# Sharpening French Mandoline



## ThEoRy (Mar 5, 2011)

So, I've always wanted one at home like I use at work. A really nice professional mandoline. Problem is they're expensive. Every year now for 3 years we've purchased a new one at work. We started out with 2, one of them was messed up beyond repair so it got chucked and one of them was ok but had seen better days. 

I told the Chef I could just sharpen it and he said I could have it. All I have to do is remove the blade with a ratchet and sharpen it up. It's 18 10 stainless so it should be easy enough. Anyone ever try this before?


----------



## chefjbs (Mar 6, 2011)

interesting, sounds easy enough. What about the blades for the julliene and battonettes?? they seem to always dull out from those dammed elephant carrots.


----------



## Chef Niloc (Mar 6, 2011)

I know Dave has done a few. You can get it sharp yourself easy but if you don't get the angle of the bevel just right it won't cut right as it's a fixed blade. So I would send it to Dave or just buy a new plate.

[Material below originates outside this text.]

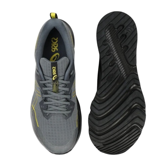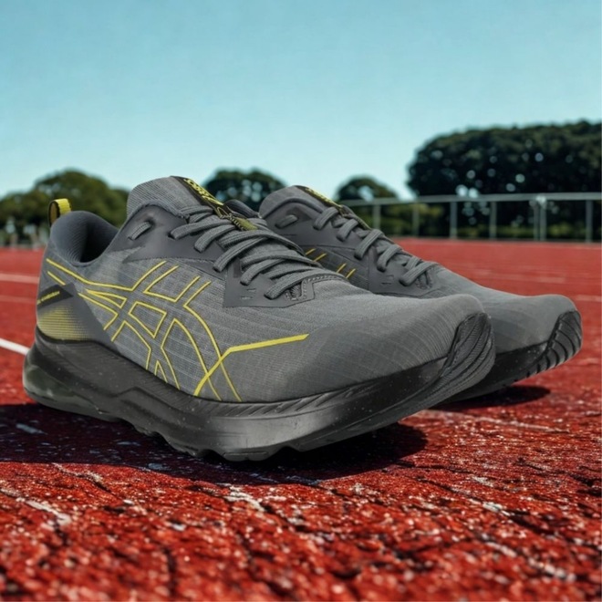 Cabedal: Tecido ripstop mais fechado com inspiração nos modelos Fuji Lite 4 e GEL-Excite Trail 2, biquera em TPU fusionada

If the thing is very beat up I would go with a new blade as the little blades are likely all beat up too? I like to get the 41/20 blade combo as it makes a thinner matchstick cut and also then it just doesn't look like every other mandoline cut you see everywhere 
http://www.fantes.com/bron-mandoline.html


----------



## Dave Martell (Mar 6, 2011)

You have to keep the angle the same, not remove but the tiniest bit of steel, and deburr properly. A key thing is to NOT add a bevel on the backside when de-burring. These things can be a pain in the butt to sharpen. Touching up before they get dull is a much better alternative to full blown sharpening. Replace when they get dull.


----------



## ghalle (Mar 6, 2011)

I sharpened one of these French mandolines two months ago for the head chef of a nearby restaurant. I had no idea at first in how to go about it, but after removing the blade assembly I found that sharpening by hand, at the same angle as the original, was fairly easy to do using small EZE Lap diamond sharpeners. By small, I mean the small flat sharpeners that have a sharpening surface of 3/4-inch x 2-inches and the folding models that have a working surface of 3/4-inches x 4-inches. I started with a Medium grit one and ended up with Super Fine, sharpening by moving the sharpener from one side of the blade to the other and back again numerous times. I first marked the edge bevel with a Sharpie to verify that I was replicating the original angle and removing steel uniformly across the blade. I deburred the edge by using the Super Fine sharpener held flat against the back side. The steel isn't very hard so it didn't take very long to sharpen. The edge had a couple of very small dings but I decided it was better to just sharpen everything and ignore the dings as grinding the blade enough to eliminate them would slightly shorten the blade and this might affect the cutting efficiency of the mandoline. Before starting to sharpen the blade I examined it with a magnifying loupe to determine the type of edge bevel and if there was more than one bevel angle involved. It looked to me like a single, flat bevel, so I knew it wouldn't be difficult to sharpen.


----------



## ThEoRy (Mar 6, 2011)

The damage isn't too significant. I think I'll be able to get away with just starting on the 1200 bester to bring back the edge and just a little go on the rika to refine it. Thanks for the tips everybody. Now should I strop it on leather or felt with diamond or chromium?


----------